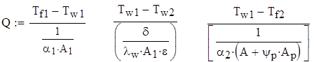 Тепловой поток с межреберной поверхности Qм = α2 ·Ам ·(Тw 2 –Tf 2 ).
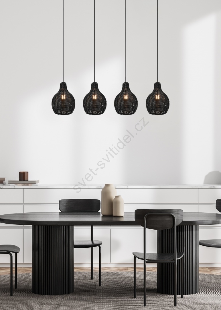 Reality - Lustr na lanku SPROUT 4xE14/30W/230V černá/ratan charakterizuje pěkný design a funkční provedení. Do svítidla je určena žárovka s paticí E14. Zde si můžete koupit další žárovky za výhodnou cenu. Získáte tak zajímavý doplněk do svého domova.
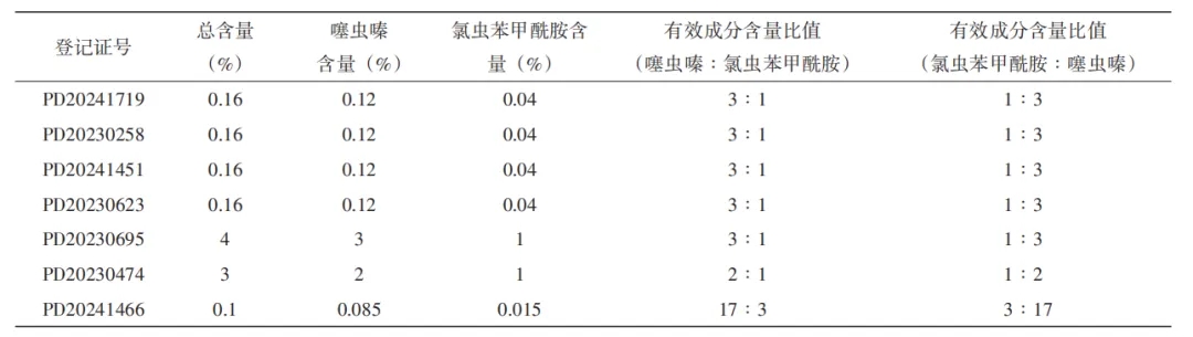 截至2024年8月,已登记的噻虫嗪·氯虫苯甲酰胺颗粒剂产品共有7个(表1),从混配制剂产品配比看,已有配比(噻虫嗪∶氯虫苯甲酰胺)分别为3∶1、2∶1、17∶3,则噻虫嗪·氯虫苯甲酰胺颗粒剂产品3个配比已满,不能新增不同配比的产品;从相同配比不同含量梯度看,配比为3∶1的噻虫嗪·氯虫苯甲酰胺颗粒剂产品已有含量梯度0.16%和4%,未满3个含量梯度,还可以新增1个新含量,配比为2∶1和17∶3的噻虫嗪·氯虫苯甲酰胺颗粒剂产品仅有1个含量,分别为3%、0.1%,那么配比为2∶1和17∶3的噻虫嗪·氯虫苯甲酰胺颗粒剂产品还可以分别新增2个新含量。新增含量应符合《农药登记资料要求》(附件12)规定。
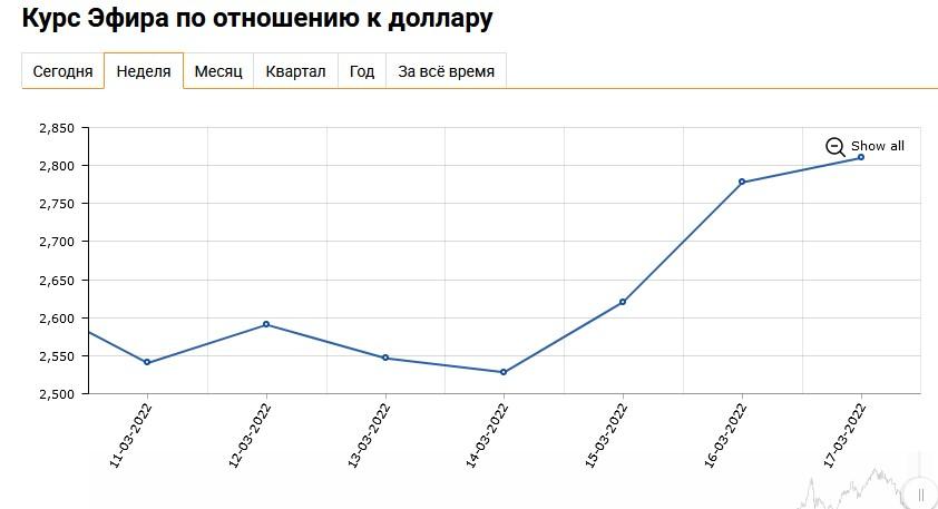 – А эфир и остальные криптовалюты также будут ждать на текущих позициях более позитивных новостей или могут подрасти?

...

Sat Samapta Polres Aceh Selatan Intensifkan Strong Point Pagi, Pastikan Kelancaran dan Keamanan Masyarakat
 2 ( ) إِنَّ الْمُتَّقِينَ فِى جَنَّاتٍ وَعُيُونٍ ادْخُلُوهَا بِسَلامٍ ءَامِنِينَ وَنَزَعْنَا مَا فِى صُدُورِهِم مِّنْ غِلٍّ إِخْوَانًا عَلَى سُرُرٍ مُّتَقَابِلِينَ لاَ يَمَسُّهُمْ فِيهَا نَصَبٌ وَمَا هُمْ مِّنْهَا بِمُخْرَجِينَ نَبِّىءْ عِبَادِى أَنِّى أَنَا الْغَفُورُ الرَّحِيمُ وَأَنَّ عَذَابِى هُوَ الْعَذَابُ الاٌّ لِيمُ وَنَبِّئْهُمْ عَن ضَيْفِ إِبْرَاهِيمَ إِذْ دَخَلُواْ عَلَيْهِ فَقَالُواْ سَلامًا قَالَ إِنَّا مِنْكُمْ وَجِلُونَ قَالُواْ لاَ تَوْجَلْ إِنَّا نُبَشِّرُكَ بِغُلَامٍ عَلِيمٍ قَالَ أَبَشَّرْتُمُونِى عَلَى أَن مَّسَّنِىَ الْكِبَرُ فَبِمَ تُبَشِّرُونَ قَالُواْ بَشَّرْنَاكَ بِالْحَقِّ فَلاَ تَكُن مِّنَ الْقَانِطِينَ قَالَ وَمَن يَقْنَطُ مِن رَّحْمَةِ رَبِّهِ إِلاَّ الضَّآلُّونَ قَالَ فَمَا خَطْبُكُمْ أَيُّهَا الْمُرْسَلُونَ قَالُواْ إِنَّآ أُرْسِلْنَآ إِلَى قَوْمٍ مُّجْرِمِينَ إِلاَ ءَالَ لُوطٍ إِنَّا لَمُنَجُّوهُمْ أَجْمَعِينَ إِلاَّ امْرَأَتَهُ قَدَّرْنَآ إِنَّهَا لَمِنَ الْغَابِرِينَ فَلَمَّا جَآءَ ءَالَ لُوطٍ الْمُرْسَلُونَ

» **YOUR GOAL**: Reproduce the entries exactly, from the line with "Тепловой поток с" to the line with "Reality - Lustr", both lines included, keeping no pictures.

» **RESPONSE TO THIS TASK**:
 Тепловой поток с межреберной поверхности Qм = α2 ·Ам ·(Тw 2 –Tf 2 ).
 Reality - Lustr na lanku SPROUT 4xE14/30W/230V černá/ratan charakterizuje pěkný design a funkční provedení. Do svítidla je určena žárovka s paticí E14. Zde si můžete koupit další žárovky za výhodnou cenu. Získáte tak zajímavý doplněk do svého domova.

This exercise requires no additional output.